まだまだ続くコロナ禍ですが、一応家族ともども元気です。母のいる実家の面々もお変わりないようで何より。中々人をお呼びできない昨今、本座敷でせっせとネットショップ用の品の作業にいそしんでいるようです(今詰め合わせセットお得ですよ!)。母とはたまに電話で話すくらいしか交流できないのは残念ですが、こうして源氏物語を介して直に話す以上のものをお互い受け取っているような気はする。共通項って大事ですもんね、親子だろうが他人だろうが。

母の方もこの長い物語に大分慣れて来て、隙間時間にちょこっとずつ読む、という形に落ち着いているらしい(現在、ひかるのきみ9冊目:「藤袴」「真木柱」「梅枝」「藤裏葉」)。それで何の問題もなく理解できるし面白いと。そもそも忙しい女房さん達が合間合間に回し読みしていたものであるから、そういう読み方で正解なんだと思うよ、などと話しました。

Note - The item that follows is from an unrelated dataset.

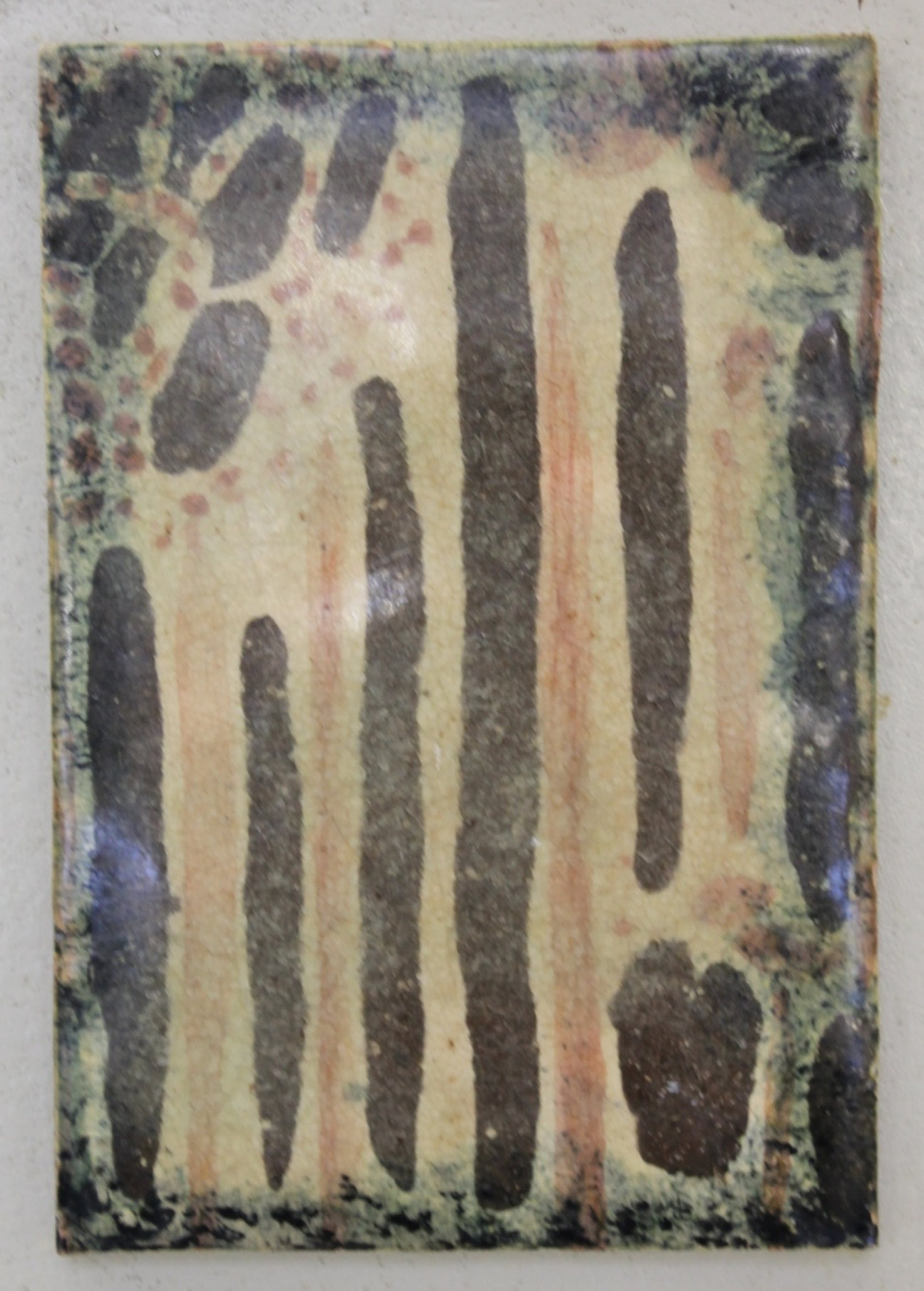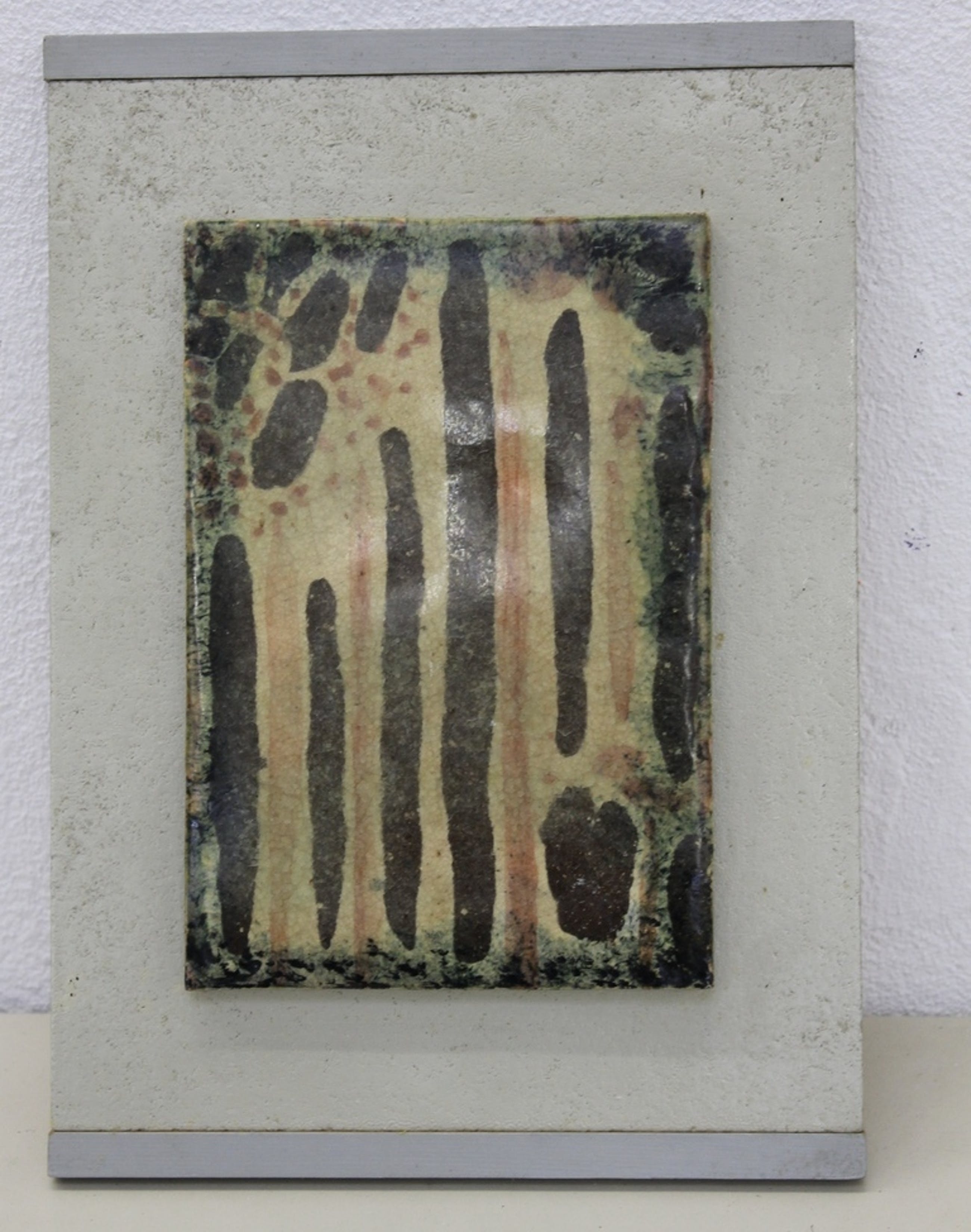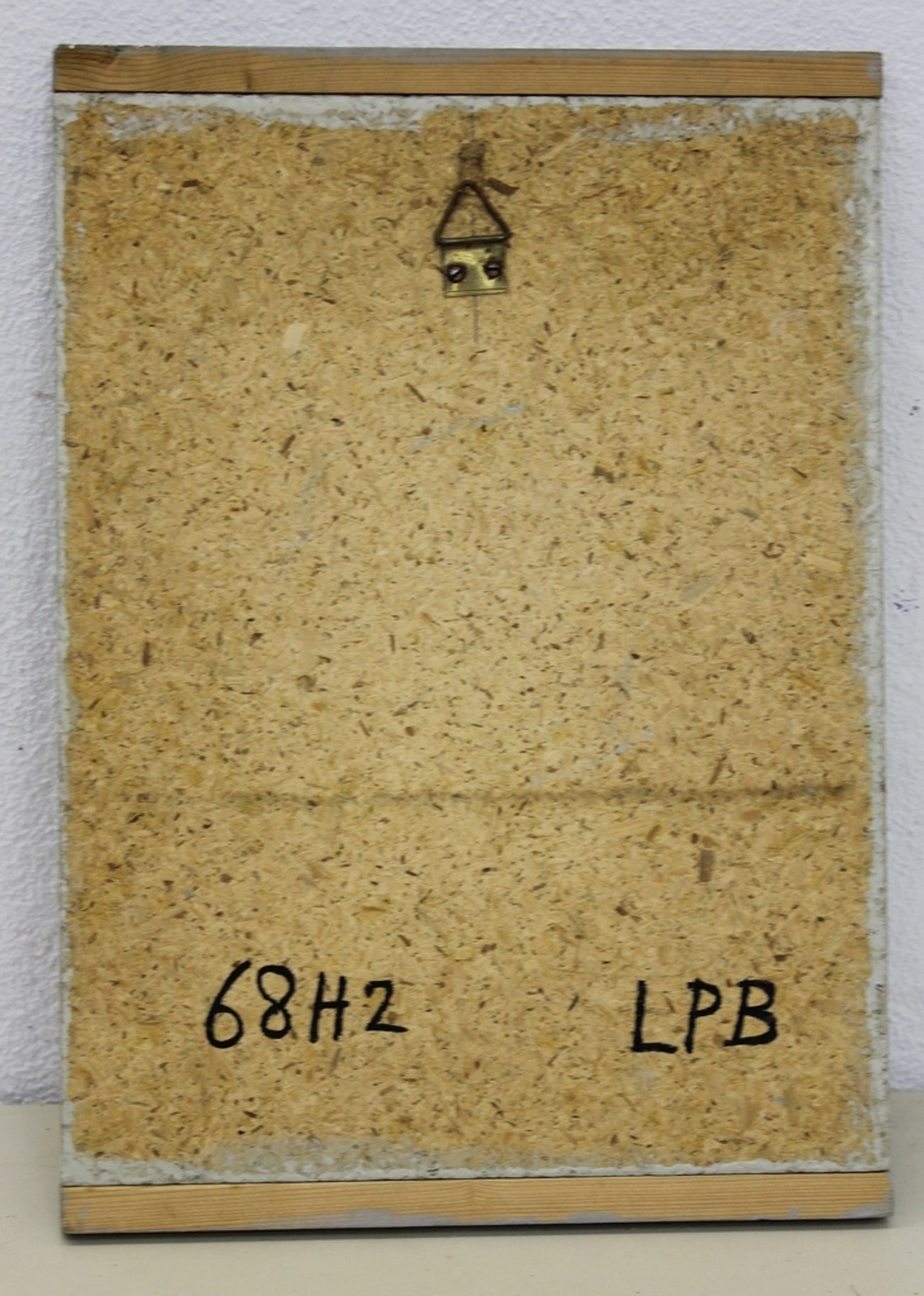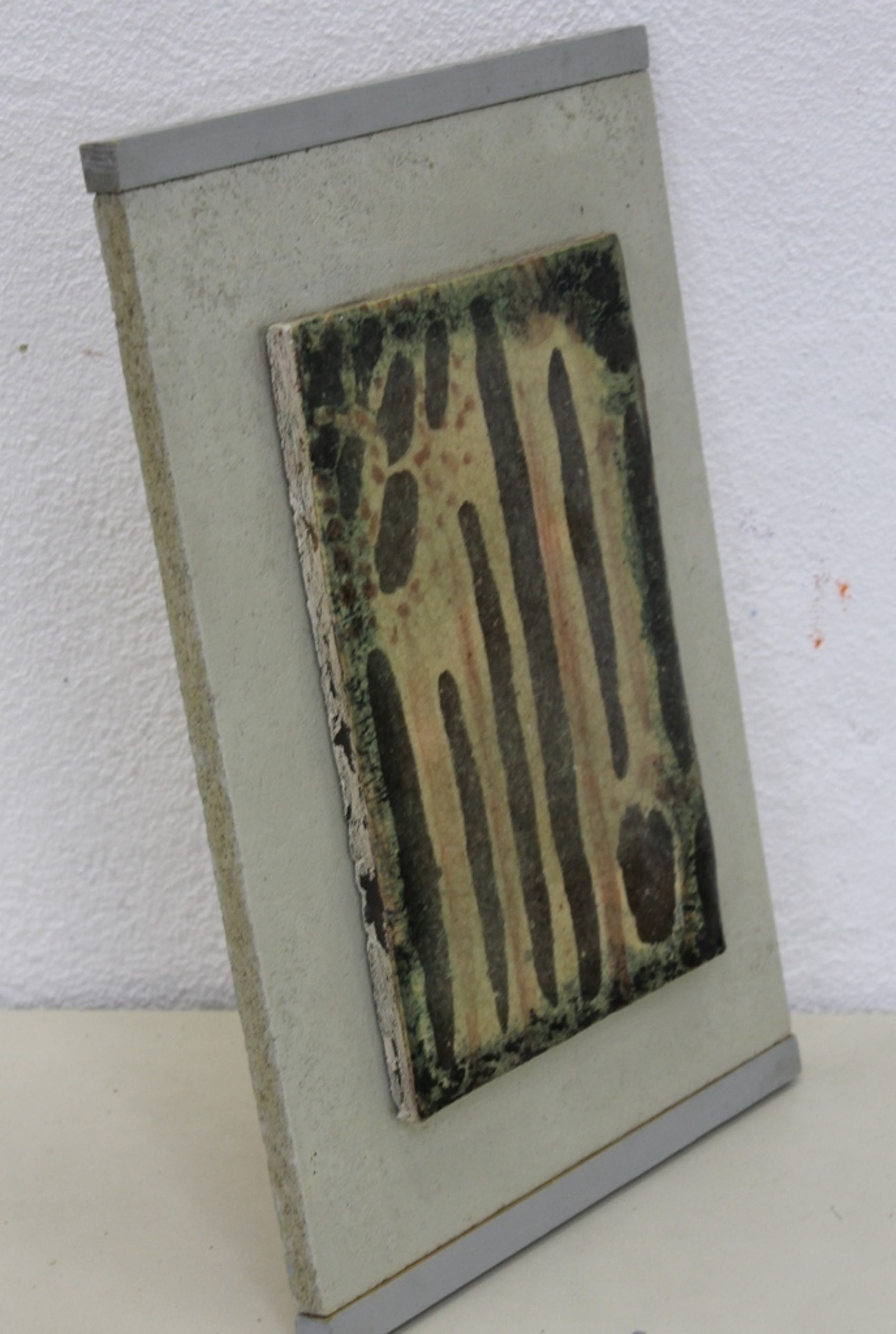 afmeting tegel 23 x 16 cm, bevestigd op geverfd spaanplaat 35 x 25 cm

というわけでブログ連載の方は「若菜」に突入。源氏物語中最長にして最高にドラマティックなこの上下巻。ブログ記事の方ではもう「上」は終わって「下」に入りましたが、他の巻と明らかに違うと感じたのはまずこれ。

とても小説っぽい!!!

いや、今までも小説やろ……なんですが、何と言いますか、ここまでに書いてきた人物とそのエピソードが積み上がり組みあがって、いきなり段違いにレベルが上がった感が。各エピソードがキレイに区分けされ、登場人物一人一人の心情が美しい情景の中で丁寧に表現されている。今まで、特にいわゆる上つ方の人々の内面は、あくまで外から、女房側からの観点で書いていたように思うんですよね。それがこの「若菜」では一気に踏み込んだ!と私には感じられました。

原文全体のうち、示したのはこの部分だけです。